Can the No Child Left Behind legislation be anything but a ploy to cut, and eventually completely dismantle, funding for public education? My wife and I both are public school teachers. We teach in very different demographic areas. Her elementary school is in a low-income, high-minority, highly transient part of town, where a high percentage of parents do not speak English at all, let alone as a second language. Her school is held to the same standards of standardized test achievement as schools that are predominantly upper-middle class white schools – those schools whose students can afford supplies, tutoring and technology. My wife has to buy paper for her students.

It is almost intuitive that such a school needs more, not less, funding to achieve the equity of opportunity that all students deserve to receive a quality and competitive education. Yet this school is already on probation according to NCLB, and is threatened with federal funding cuts unless it achieves a certain minimum of scores on the state achievement test. I would like to ask Mr. Bush how he expects this to happen. NCLB forces school districts to go against years of educational research that says teaching to the test is absolutely the worst way to provide critical thinking and reasoning skills. Districts must do this or face loss of funding.

I teach in a well-to-do high school, and while our scores are some of the highest in the state on the state assessment, we are also being admonished by the district that it is now not the success that is important, but the rate of improvement. And we will also join the ranks of the probationary schools if we do not improve our scores by “X” percent each year on the state assessment.

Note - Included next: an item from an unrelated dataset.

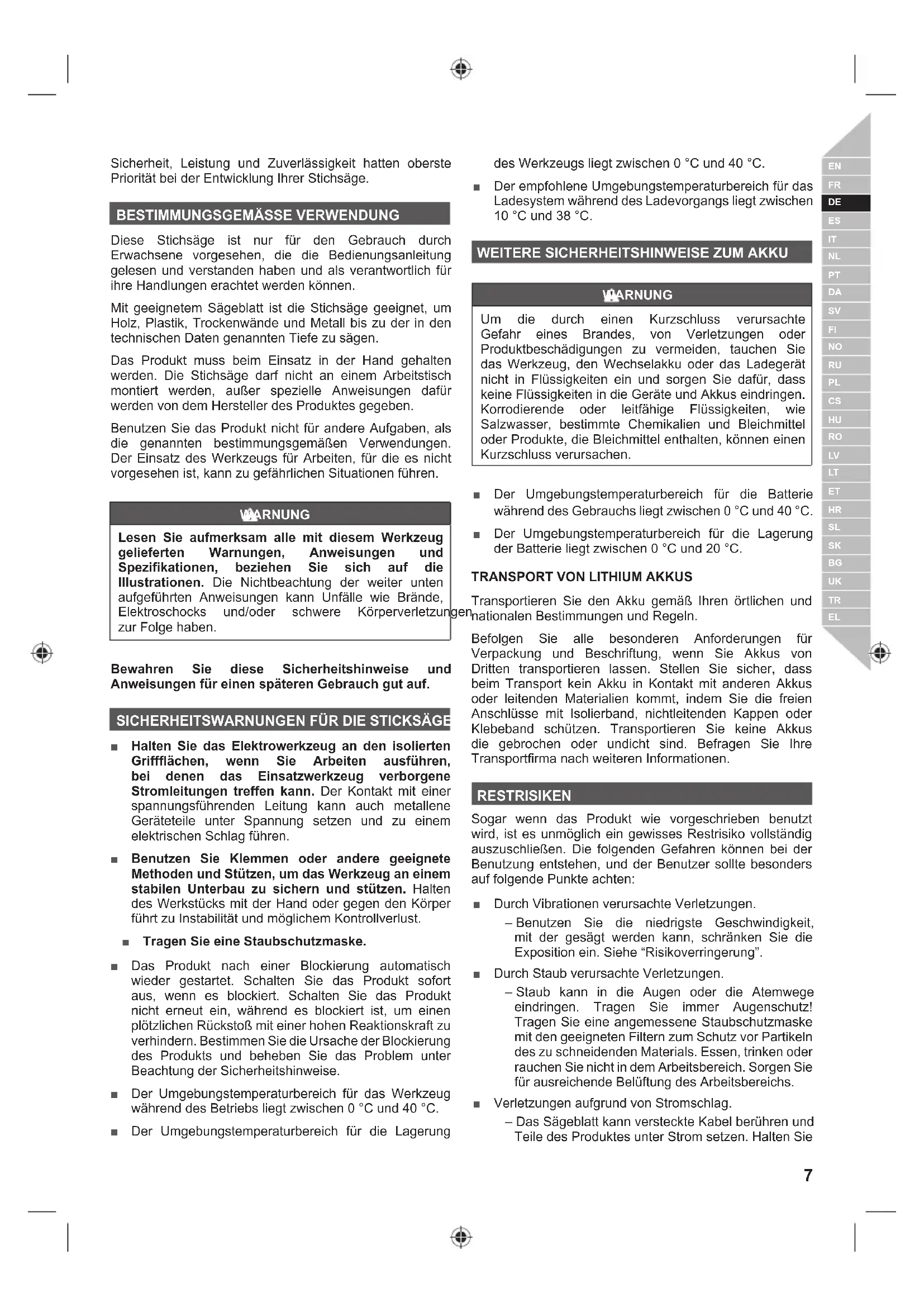 RESTRISIKEN Sogar wenn das Produkt wie vorgeschrieben benutzt wird, ist es unmöglich ein gewisses Restrisiko vollständig auszuschließen. Die folgenden Gefahren können bei der Benutzung entstehen, und der Benutzer sollte besonders auf folgende Punkte achten: Ŷ Durch Vibrationen verursachte Verletzungen. – Benutzen Sie die niedrigste Geschwindigkeit, mit der gesägt werden kann, schränken Sie die Exposition ein. Siehe “Risikoverringerung”. Ŷ Durch Staub verursachte Verletzungen. – Staub kann in die Augen oder die Atemwege eindringen. Tragen Sie immer Augenschutz! Tragen Sie eine angemessene Staubschutzmaske mit den geeigneten Filtern zum Schutz vor Partikeln des zu schneidenden Materials. Essen, trinken oder rauchen Sie nicht in dem Arbeitsbereich. Sorgen Sie für ausreichende Belüftung des Arbeitsbereichs. Ŷ Verletzungen aufgrund von Stromschlag. – Das Sägeblatt kann versteckte Kabel berühren und Teile des Produktes unter Strom setzen. Halten Sie8 | Deutsch das Produkt immer an den vorgesehenen Griffen und seien Sie vorsichtig, wenn Sie in Wänden oder Böden sägen, wo Sie möglicherweise versteckte Kabel nicht sehen können. Ŷ Durch Kontakt mit dem Sägeblatt verursachte Verletzung – Die Sägeblätter sind sehr scharf und werden bei Benutzung heiß. Tragen Sie Handschuhe beim Wechseln von Sägeblättern. Halten Sie Ihre Hände immer von dem Sägebereich fern. Klemmen Sie das Werkstück, wann immer möglich, fest. Ŷ Lärm kann zu Gehörschäden führen – Lärm kann zu Gehörschäden führen Tragen Sie einen Gehörschutz, wenn Sie Elektrowerkzeug für längere Zeit benutzen. RISIKOVERRINGERUNG Vibrationen von in der Hand gehaltenen Werkzeugen können bei einigen Personen zu einem Zustand, der Raynaud-Syndrom genannt wird, führen. Symptome sind u.a. Kribbeln, Taubheitsgefühl und episodische Weißfärbung der Finger und treten normalerweise bei Kälte auf. Man geht davon aus, dass ererbte Faktoren, Kälte und Feuchtigkeit, Essgewohnheiten, Rauchen und Arbeitsweise zur Entwicklung dieser Symptome beitragen. Der Anwender kann Maßnahmen ergreifen, um die Auswirkungen der Vibrationen möglicherweise zu verringern: Ŷ Halten Sie den Körper bei Kälte warm. Tragen Sie beim Betrieb des Geräts Handschuhe, um Hände und Handgelenke warm zu halten. Berichten zu Folge ist kaltes Wetter ein wesentlicher Faktor, der zum Raynaud Syndrom beiträgt. Ŷ Betätigen Sie sich nach jedem Einsatz körperlich, um den Blutkreislauf zu steigern. Ŷ Machen Sie regelmäßig Pausen. Beschränken Sie die Beanspruchung pro Tag. Sollten bei Ihnen Symptome dieses Zustands auftreten, stellen Sie unverzüglich den Betrieb ein und suchen Sie in Hinsicht auf die Symptome einen Arzt auf. WARNUNG Verletzungen können durch lange Benutzung eines Werkzeugs entstehen oder verschlimmert werden. Machen Sie regelmäßig Pause, wenn Sie ein Werkzeug für lange Zeit benutzen.

When schools have spent a period of time (two years) on probation, not only do they lose funding, the districts are mandated to provide transportation to the students to another school of their choice within the district, which will thoroughly mire the transportation system, and add to costs that will be subsequently removed from classroom budgets.

This legislation is flat out asinine, and I can’t think for a minute that Bush &Co. had the best interests of our nation’s children at heart when it was devised. It is simply another way to widen the rift between the rich and the poor, the haves and the have-nots. If allowed to continue, it will kill public education. But I think that was the plan all along – keep ‘em stupid, stupid.